Zensur durch Wohnungsgesellschaft?: Das falsche Plakat aufgehängt

Städtische Wohnungsgesellschaft Saga kündigt Infoladen in Wilhelmsburg. Die Betreiber hatten sich kritisch über die Internationale Bauausstellung im Stadtteil geäußert.

Vorbereitungen für die "Küche für alle": Der Infoladen am Donnerstagnachmittag. Bild: Hendrik Doose

Für die Betroffenen ist es politische Zensur, für die anderen nur ein rechtlicher Schritt: Die städtische Wohnungsbaugesellschaft Saga hat dem links-alternativen Infoladen der "Initiative für ein soziales Wilhelmsburg" zum 30. Juni gekündigt. "Grund ist, dass wir uns im Netzwerk ,Recht auf Stadt' gegen Gentrifizierung engagieren", sagt Narmin Pientka vom Infoladen. Daher habe man auch eine kritische Haltung zur Internationalen Bauausstellung 2013 (IBA), mit der der Senat Wilhelmsburg "aufwerten" will.
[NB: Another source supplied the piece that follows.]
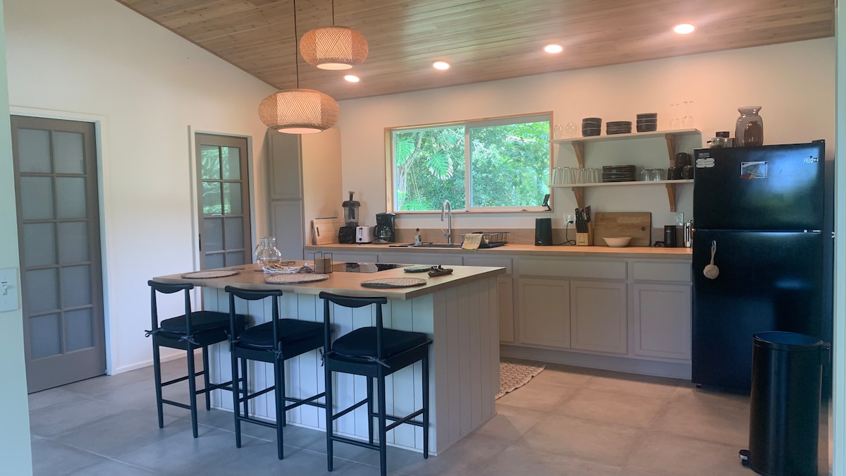 Peaceful and private modern retreat in prime location between Kehena Black Sand Beach (.4 mile walk) and nearby thermal ponds at Pohoiki just a few miles down the picturesque and coastal "Red Road." Enjoy a comfortable and clean space surrounded by a lush tropical landscape. Hear the sound of crashing waves from within the stylish interior or spacious lanai. This creative, vibrant area hosts a large drum circle on Sunday nights as well as local music and food down the road at Uncle Roberts.
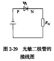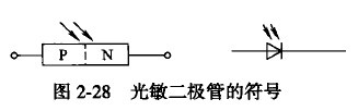 光敏二極管的外形與普通二極管相似。裝在透明的玻璃外殼內(nèi),PN結(jié)殼裝在管子頂部,易于接收光線照射。鍺光敏二極管A、B、C、D四類,硅光敏二極管有2CU1A~D和2DU1~4系列。光敏二極管的符號如圖2-28所示。光敏二極管的接線如圖2-29所示。

Diese Begründung bestreitet die Saga. "Wir können doch nicht Gesinnungskündigungen aussprechen", gibt sich Saga-Sprecher Mario Spitzmüller entrüstet. Die Kündigung des 28 Quadratmeter großen Ladens sei vielmehr ausgesprochen worden, weil die Betreiber ständig die Klinkerfassade und die Ladentür mit Plakaten und Aufklebern verschandelt hätten. "Wir sind nicht gewillt, das hinzunehmen", so Spitzmüller.

Am 24. November 2009 seien die Betreiber deswegen abgemahnt und aufgefordert worden, die Plakate und Aufkleber bis Mitte Dezember zu entfernen. "Die Tür haben sie auch von Aufklebern frei gerubbelt, die Plakate sind aber drangeblieben." Daraufhin sei dann die Kündigung ausgesprochen worden, sagt Spitzmüller "Bei Gewerbemietverträgen ist das ohne Begründung möglich."

Das ist zwar richtig, dennoch bleibt ein fader Beigeschmack. "Als wir die Abmahnung bekommen haben, haben wir sofort die Plakate und Aufkleber entfernt", sagt Narmin Pientka. "Wir haben der Saga aber auch gesagt: Die Plakate sind nicht von uns, und wir können nicht garantieren, dass keine neuen Plakate geklebt werden, da Plakate gerne neben unserem Laden angebracht werden", so Pientka. Dann sei es lange ruhig gewesen, bis vorige Woche aus heiteren Himmel die Kündigung gekommen sei - ohne Vorwarnung, mit Datum der ersten Abmahnung.

Pientka vermutet, dass ein kritisches Plakat im Schaufenster Stein des Anstoßes war. Bei dem Plakat ging um die Internationale Bauausstellung 2013 und die dadurch fortschreitende Gentrifizierung Wilhelmsburgs. "Das Plakat muss jemand von der Saga zufällig gesehen haben", sagt Pientka. Denn bei einem Gespräch zwischen ihnen und dem Saga-Verantwortlichen für Gewerbeimmobilien sei deutlich sagt worden, "dass sie uns hier nicht wollen", berichtet Pientka. Die Saga sei "IBA-Kooperationspartner" und könne nicht zugleich den Info-Laden in ihrer Immobilie dulden.

Es sei vor dem Hintergrund der "aktuellen stadtpolitischen Situation haarsträubend, wenn die städtische Saga nicht nur nicht ihrem Auftrag des sozialen Wohnungsbau nachkommt", kritisiert David Kress vom Vorstand der Initiative soziales Wilhelmsburg, "sondern auch noch bereits etablierte soziokulturelle Räume verdrängt". Die Initiative versucht nun, über politischen Druck die Rücknahme der Kündigung durch die Saga zu erreichen und verbreitet ein siebenseitiges Positionspapier, Motto: "Träume brauchen Räume".

Unterstützung bekommt der Infoladen von der Linkspartei. "Wer den Dialog mit jungen Menschen will, die nach Wilhelmsburg gelockt wurden, der muss sich auch auf einen Konflikt mit kritischen Positionen einlassen", sagt der Linkspartei-Bürgerschaftsabgeordnete Joachim Bischoff. Die Kündigung sei Ausdruck "wilhelminischen Obrigkeitsdenkens".